__Requirement__: Starting at the line that contains "Novelo de lã" and stopping at the line that contains "這是一份陽明團契的刊物「芥菜", restate each line of the records below exactly. Omit the pictures.

__Given records__:
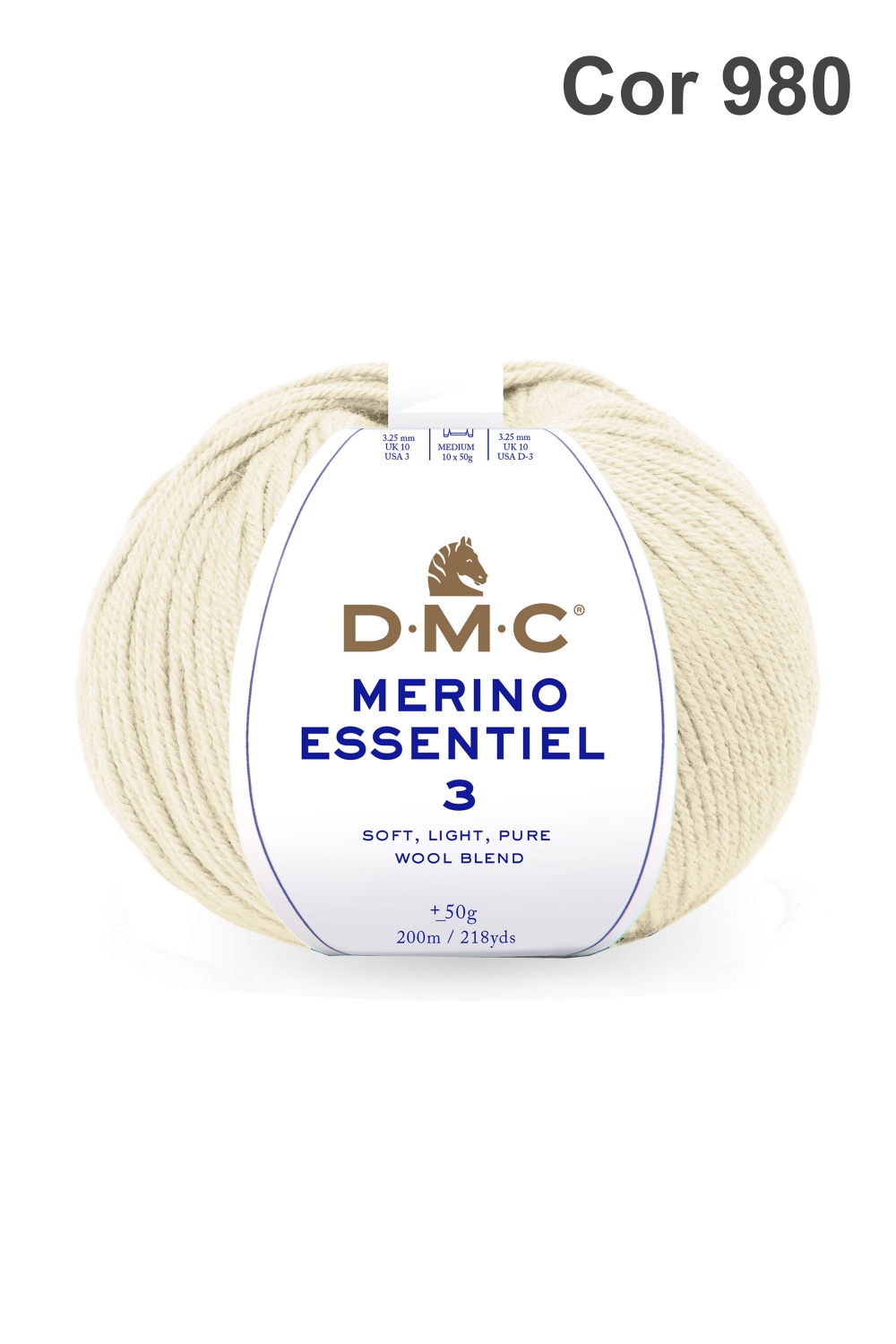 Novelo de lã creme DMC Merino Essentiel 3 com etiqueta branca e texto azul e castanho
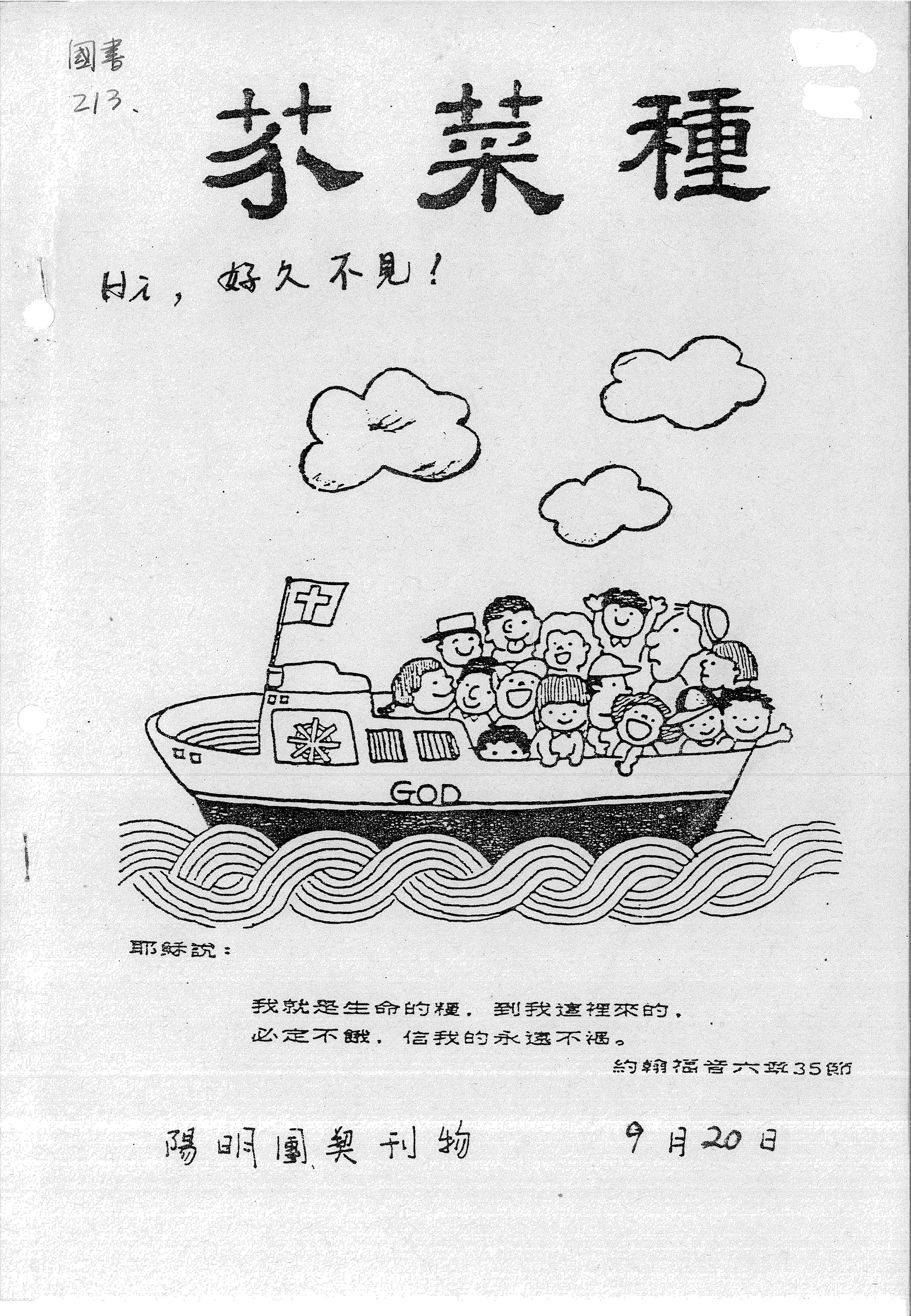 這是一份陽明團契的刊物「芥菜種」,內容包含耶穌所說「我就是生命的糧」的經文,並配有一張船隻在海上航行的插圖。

---

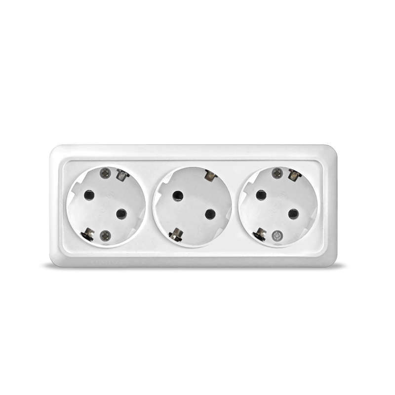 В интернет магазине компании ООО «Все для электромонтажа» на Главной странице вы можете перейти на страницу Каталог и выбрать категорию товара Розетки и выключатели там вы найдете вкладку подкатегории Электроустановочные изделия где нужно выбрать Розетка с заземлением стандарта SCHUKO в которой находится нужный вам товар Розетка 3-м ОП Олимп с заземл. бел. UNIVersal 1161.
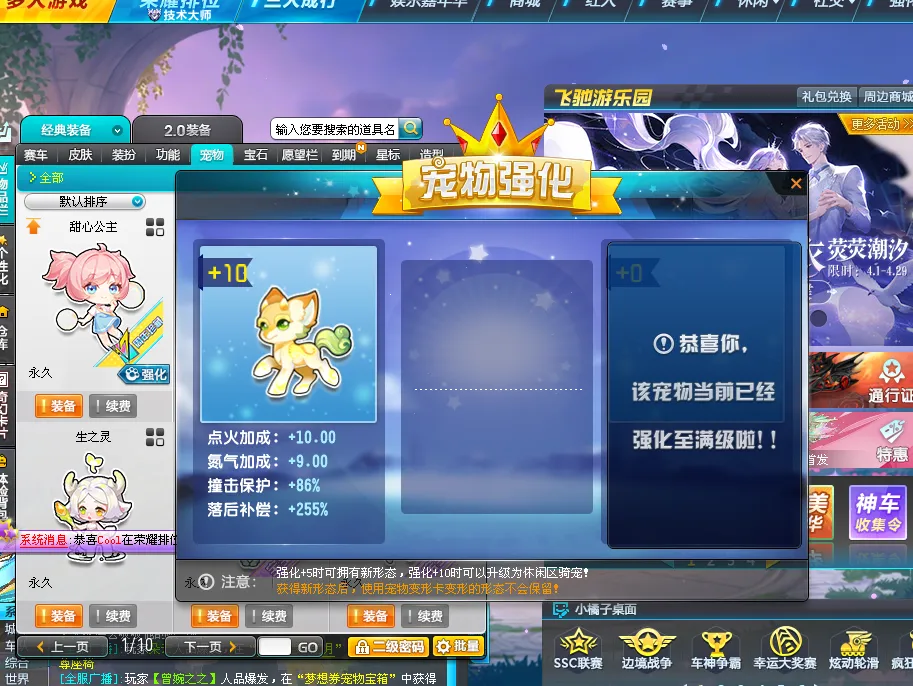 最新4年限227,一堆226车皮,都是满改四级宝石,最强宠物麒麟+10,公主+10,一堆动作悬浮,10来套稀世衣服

__Solution to the exercise__:
 Novelo de lã creme DMC Merino Essentiel 3 com etiqueta branca e texto azul e castanho
 這是一份陽明團契的刊物「芥菜種」,內容包含耶穌所說「我就是生命的糧」的經文,並配有一張船隻在海上航行的插圖。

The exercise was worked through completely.